Audiences around the world love films that are “based on a true story.” It is the sense of realism that draws them, and most movie goers rarely concern themselves at the time where the line between fiction and reality is drawn. As it turns out, most martial arts in television and film is viewed this way. In fact, all theatrical martial arts are actually a “based on a true story” version of the real life thing.

According Dr. Maung Gyi who is a grandmaster of the Bando system and a martial arts pioneer, martial arts has three major Fs: function, form and fantasy. In the arena of theatrical martial arts, the major concern is with fantasy and form. Function is not so important in this realm of motion picture magic.

What makes form important when bringing martial arts to the big screen is that it epitomizes the actual mechanical movements of the techniques involved. It is what provides the crossover between the real kung fu or karate practiced by everyone around the world to the awesome moves we see on TV.

Every type of martial arts has a form – even in the most basic sense. The form ranges from simple movements such as the mechanics behind a kick, punch, or throw to complex series of predetermined movements complete with names such as juru, kata and poomse. The main function of form in movie martial arts is mostly about aesthetics – basically, they want the audience to think of all those swirling kicks and flying fists as “cool.”
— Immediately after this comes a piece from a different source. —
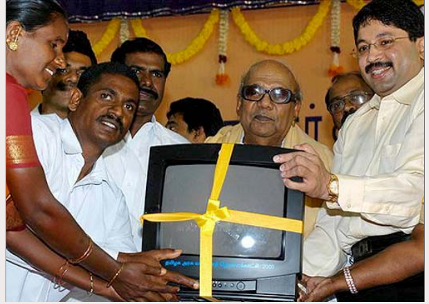
இலவச வண்ணத் தொலைக்காட்சிப் பெட்டி வழங்கும் விழாவில் தமிழக முதல்வர் மு.கருணாநிதி மற்றும் அவரது பேரணும் மத்திய அமைச்சருமான தயாநிதி மாறன்.

இப்போது தேர்தல் கூட்டணிகளை அமைப்பது என்பது ஒவ்வொரு கட்சிக்கும் உள்ள வாக்கு வங்கியின் ஆதரவு சதவீதம், அதன் மீதான கூட்டல் - கழித்தல் என்ற எண்ணிக்கைக் கணக்காகிவிட்டது. அரசியல் என்பது ஆளும் கட்சிகளின் இலஞ்ச ஊழல், அதிகார முறைகேடுகளை அம்பலப்படுத்துவதும் குற்றஞ்

This form must be both readable and recognizable by the audience. They have to recognize the movements they just saw flicker across the TV screen. This is where the art of movie martial arts takes a different direction; a movement such as a kick may have to be slowed down, telegraphed and “zoomed into” so as to make it “readable” by the audience. If it were to be executed that slowly in an actual fight, the opponent would easily predict it and have lots of time to react.

To maintain the fight’s aesthetic beauty, the movements ought to have a rhythm and some timing – not to mention being exciting, this is after all, where the true magic of martial arts choreography lies. The differences here between the real martial arts and movie martial arts are both obvious and subtle.

Of course, there is no choreography in a real fight. Real martial arts fights are typically free for alls where combatants have to rely on their superior techniques, opponent’s mistakes and their sheer will to win rather doing everything from a script.

Theatrical fighters execute complicated movements intended to dazzle the eye whereas the real fighters have to execute simpler and more direct movements that are far less likely to fail during the fight.

So where does Dr. Maung’s third “F” – fantasy – come from?

Fantasy also exists in real martial arts, but it is mostly limited to training halls and friendly sparring session. Fantasy techniques or methods tend to die out faster in street fights because, well, they just don’t seem to work.

But on the screen, well, you’ve probably seen it countless times — multiple attackers waiting their turn to attack the hero one at a time. That never happens in real fights. No self defense instructor will ever train a small woman to kick box a much large man as we saw in Bruce Lee’s “Live Free or Die Hard”, but of course this is film, and we need the fantasy.